Themes

Structure of the research programme

The research programme consists of six strongly interlinked research themes, T1 to T6. Each of the themes will be made up of a series of work packages (WPs) designed to deliver the project objectives, and described in detail in the Technical Annexes. The programme of work will be managed flexibly by a Management Committee (MC), in order to achieve the overall project objectives and maximise the most productive areas of research. Theme 0: Coordination has been recently introduced and is headed by University of Sheffield. The aim of this theme is to coordinate activities across the project.

It is anticipated that much of the research impact will come at the interfaces of the themes. Themes 1 to 3 are concerned with underpinning technologies that will inform almost all aspects of the Programme; they are concerned with design, uncertainty and fundamental V&V. Themes 4 to 6 are concerned with advances in modelling technology critical to the overall aims of virtualisation: Theme 5 is concerned with the crucial ingredient of joining submodels into overall models. Themes 4 and 6 will provide advances in control and hybrid modelling that can leverage information from substructure testing into virtual structure testing. Connectivity between the themes is summarised in Figure 1; the uncertainty theme sits at the centre of this structure, as its technology is the key to unlocking the full promise of the other themes. The themes relate to the three research objectives, as shown in Figure 1:

O1 on design will focus on developing new design methodologies to reduce design time and cost using the digital twin framework. Questions to be addressed include: How can a digital twin reduce risk in the design? And how can regions of model trust be increased?

O2 is focused on understanding uncertainty propagation and management. Questions include: How can uncertainty be managed using a digital twin? This applies both to design of new structures and ongoing management and life extension of existing structures.
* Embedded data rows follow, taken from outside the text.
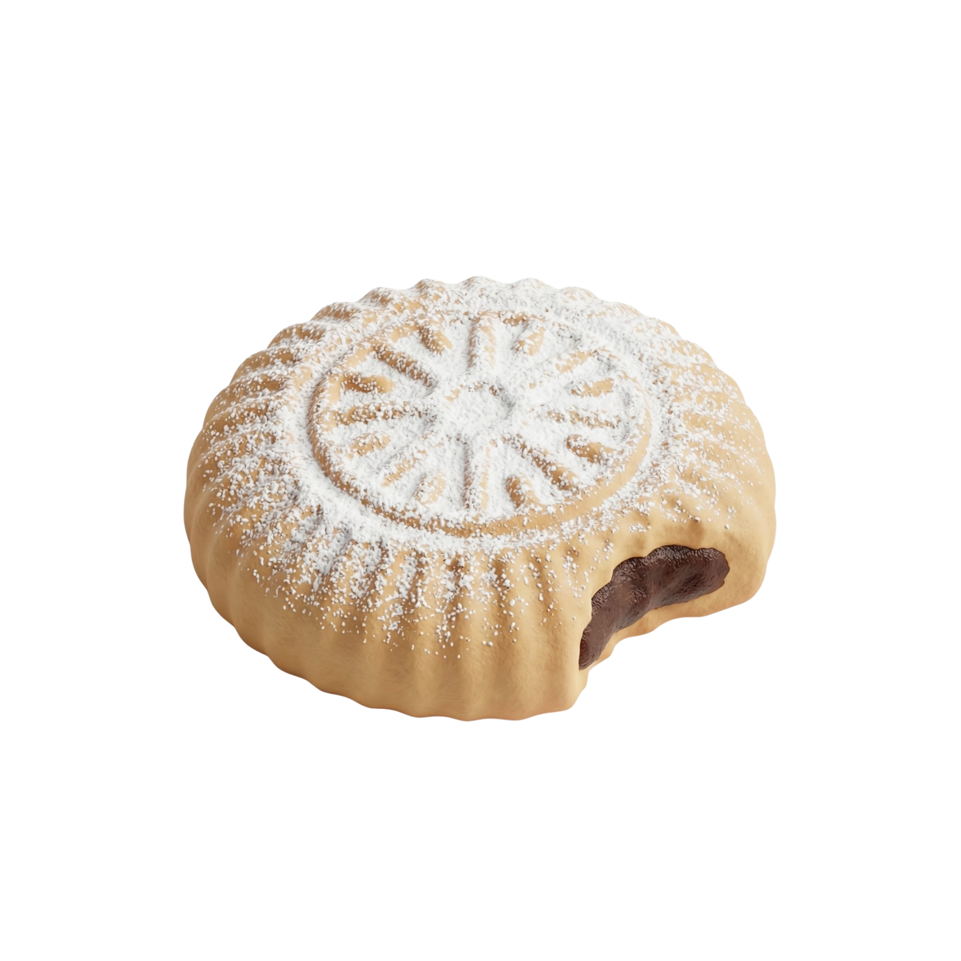 This traditional Maamoul cookie features a buttery, melt-in-your-mouth semolina crust filled with a sweet, spiced date paste. Dusted with powdered sugar, it offers a nostalgic balance of crumbly texture and luxurious caramel-like center, perfect for festive occasions.
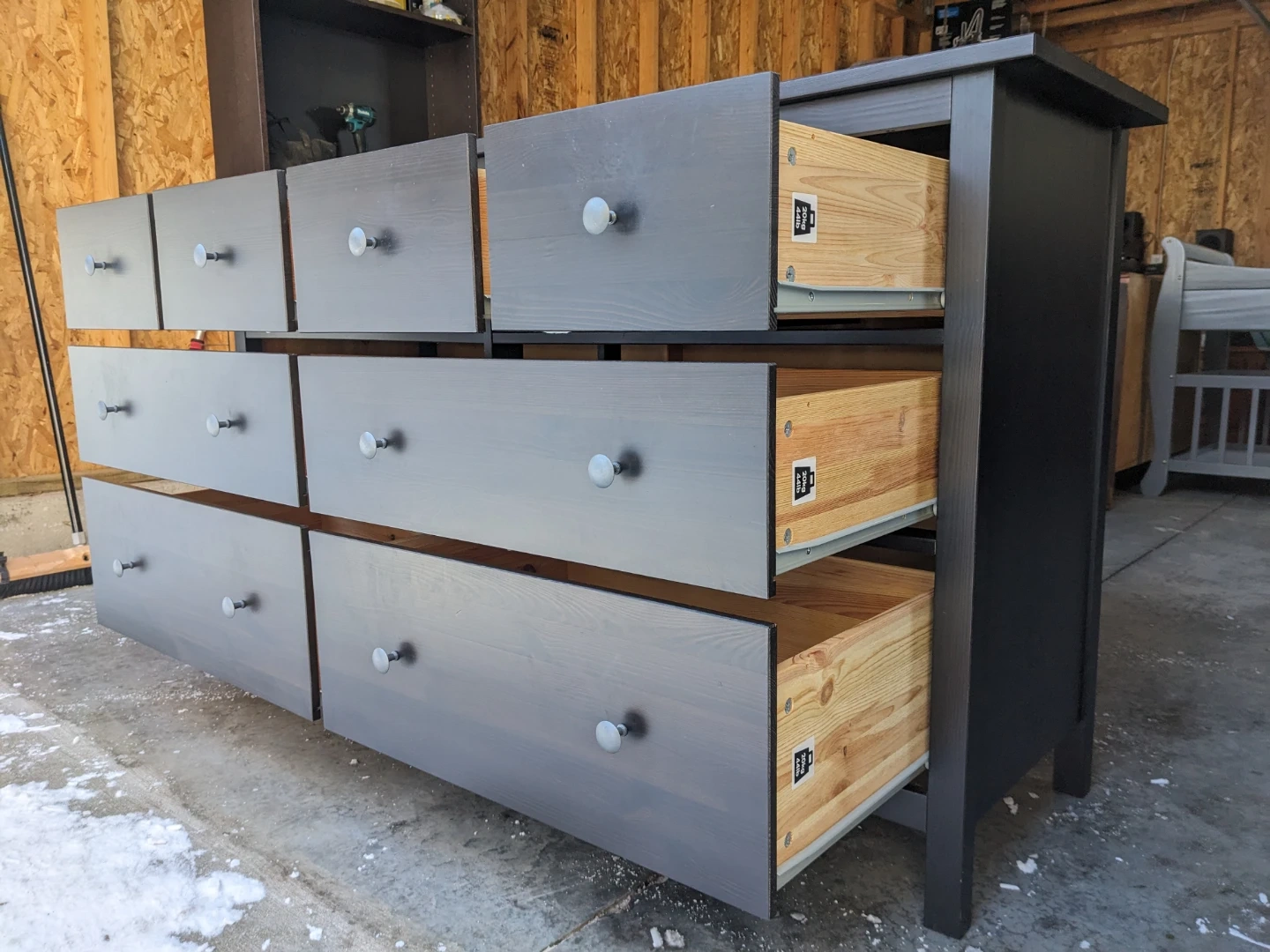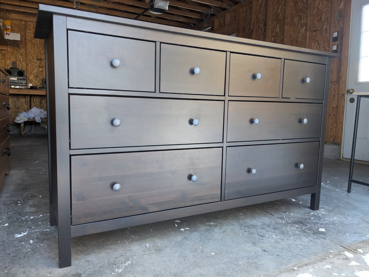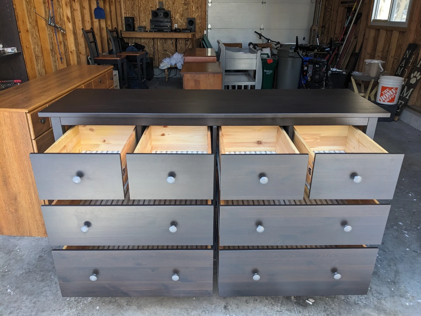 This Ikea Hemnes dresser in black-brown features 8 spacious drawers that all open and close perfectly on their modern metal slides with security stops. The drawer interiors are all in great condition and are lined with the Hemnes signature grey pinstriping.
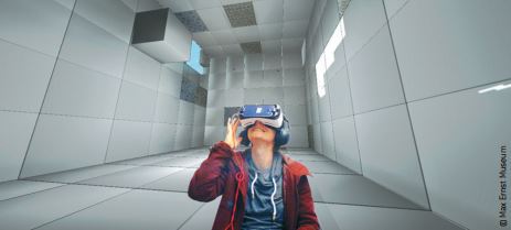 Kreativer Einsatz von VR in der Ausstellung „M.C. Escher“ im Max Ernst Museum Brühl: In Anlehnung an M.C. Eschers Architekturstudien macht der Virtual-Reality-Spielplatz „The Impossible Room“ die fantastischen Möglichkeiten virtueller Raumteilung erlebbar (Bild: Max Ernst Museum)
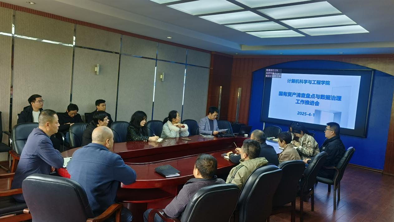 为扎实推进国有资产精细化管理,夯实学院高质量发展基础,2025年4月1日下午,计算机科学与工程学院在信息楼小会议室召开国有资产清查盘点与数据治理工作专项推进会。会议由副院长戴成秋主持,院党委书记叶正明、院长陈敏,领导小组及工作小组成员,各教研室、实验中心、三办主任及资产清查工作相关人员参加会议。
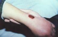 一位52岁的河北法轮功学员到天安门分局后,由于他不说姓名和地址,被警察在天安门分局连打3天,不让喝一滴水,吃一口饭。期间警察用警棍打他的背部及下身,还让他躺在地上,警察还用脚踩他的手,使劲拧,致使他左手留下5公分的伤口,手肿的不能抬起(见照片)……最后,警察往他的头部打了一针不知什么药,然后他啥也不知道了,醒来时,他才知道自己在北京一家急救中心……
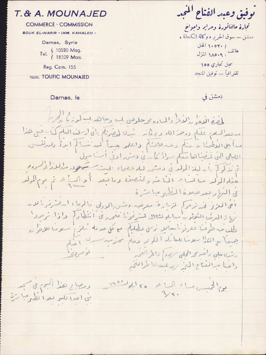 Tevfik & Abdullah Elfettah Elmünaced - Damask antetli iş yeri dokümanı, 26x19 cm
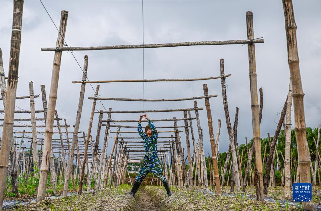 11月20日,在屯昌縣楓木鎮,農民為種植楓木苦瓜搭建瓜棚。
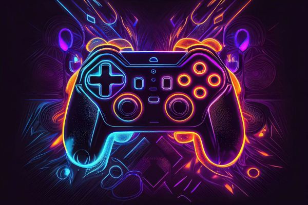 Ein beeindruckendes Spieldesign mit einem neonbeleuchteten Gamecontroller, der in leuchtenden Blau-, Lila- und Orangetönen strahlt. Der abstrakte Hintergrund mit digitalen Lichtmustern und dynamischen Linien schafft ein futuristisches und hochmodernes Ambiente, perfekt für das ultimative Gaming-Zimmer.
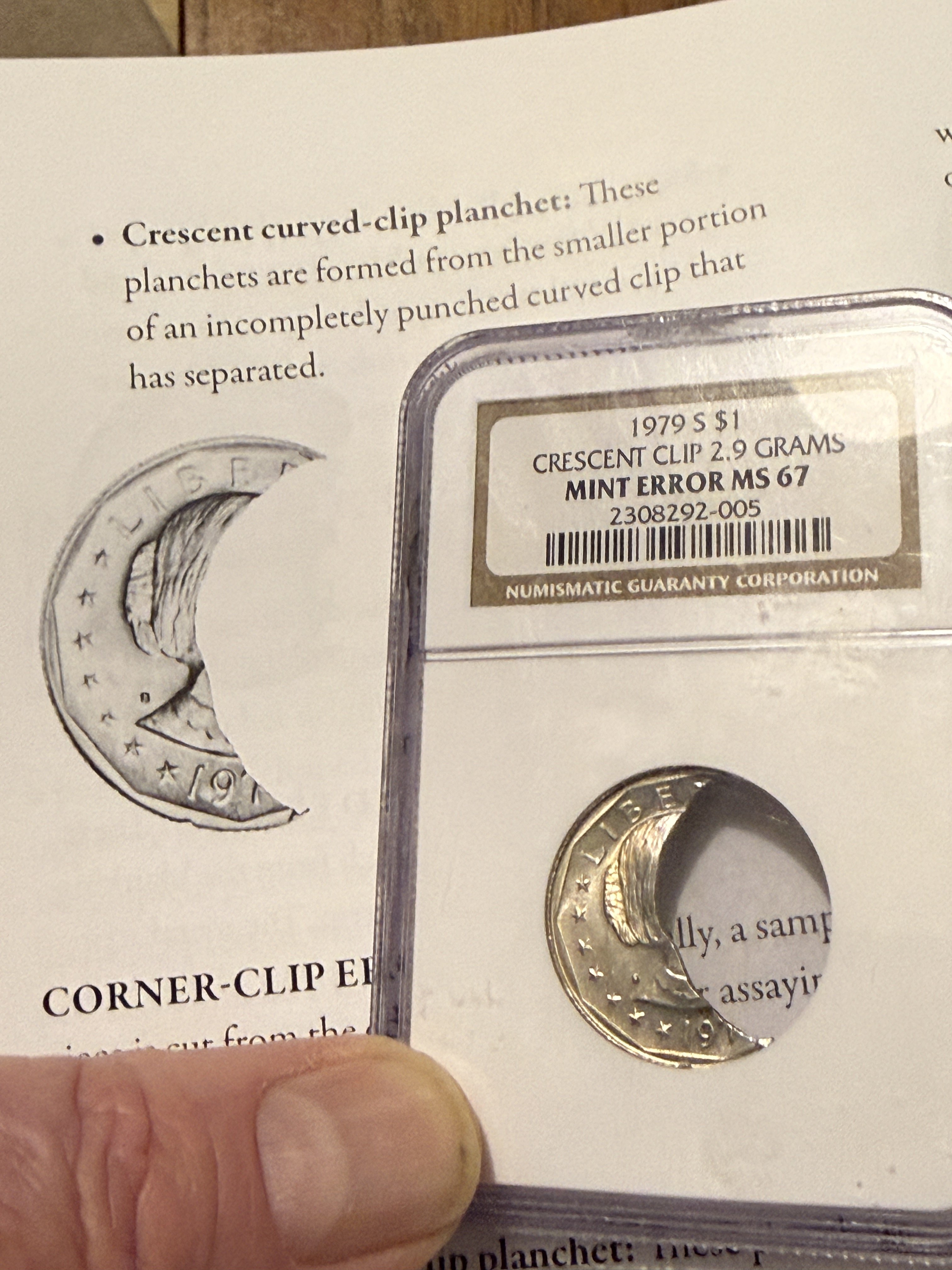 A crescent clip SBA plate coin from my error coin archive and a fire mitigated 55 foot pine tree original house owner planted 6 feet from house in 1994.
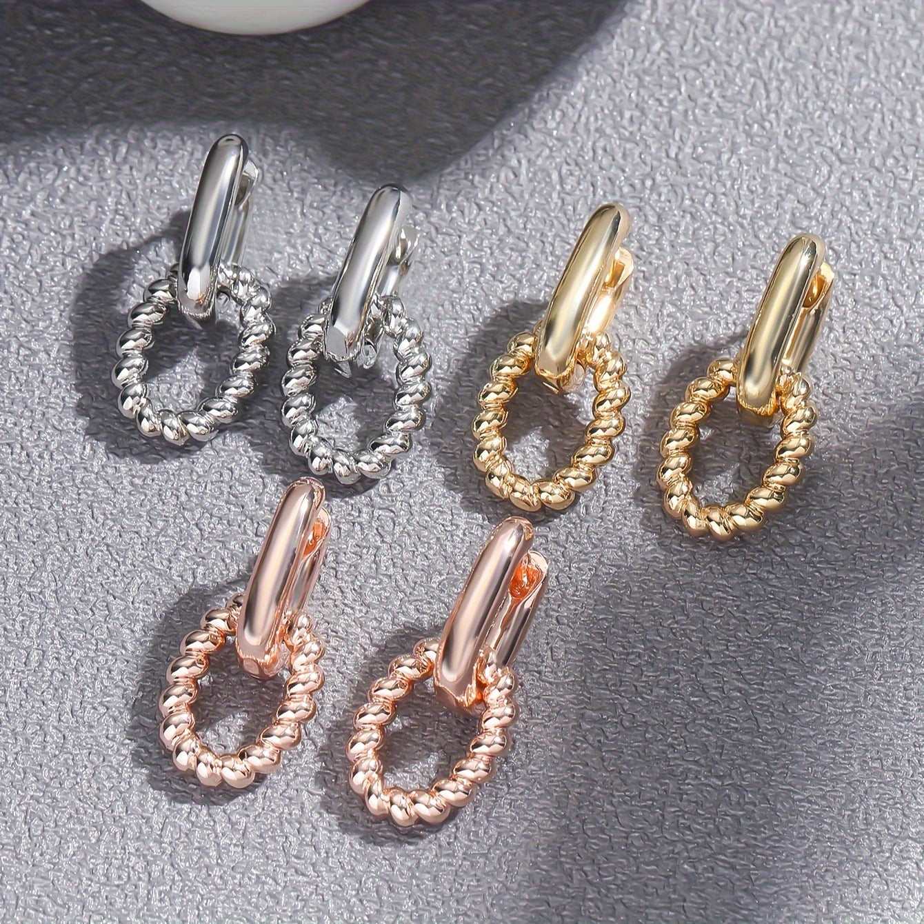 Temperament French Simplicity Twist Geometric Stitching Double-layer Texture Ear Clip Earrings Special-interest Design

O3 will focus on radically improving the level of robustness obtainable in a validated model. For example, by answering the question: How can sub-system model validation be extrapolated to the larger scale system? This is particularly important for dynamics applications, as many dynamic phenomena are emergent, and can currently only be validated via full scale testing, which is often prohibitively expensive

Collectively, addressing these three objectives will lead to delivery of the overall project aim of a robustly-validated digital twin technology for design and operation of critical dynamics applications. Our methodology will be to use the combined analytical, numerical and experimental methods associated with traditional structural dynamics, interlinked with methods from applied mathematics, probability and statistics, machine learning, computer science and other specific areas. These will be applied using a number of User Cases that are highly relevant to the problems being investigated.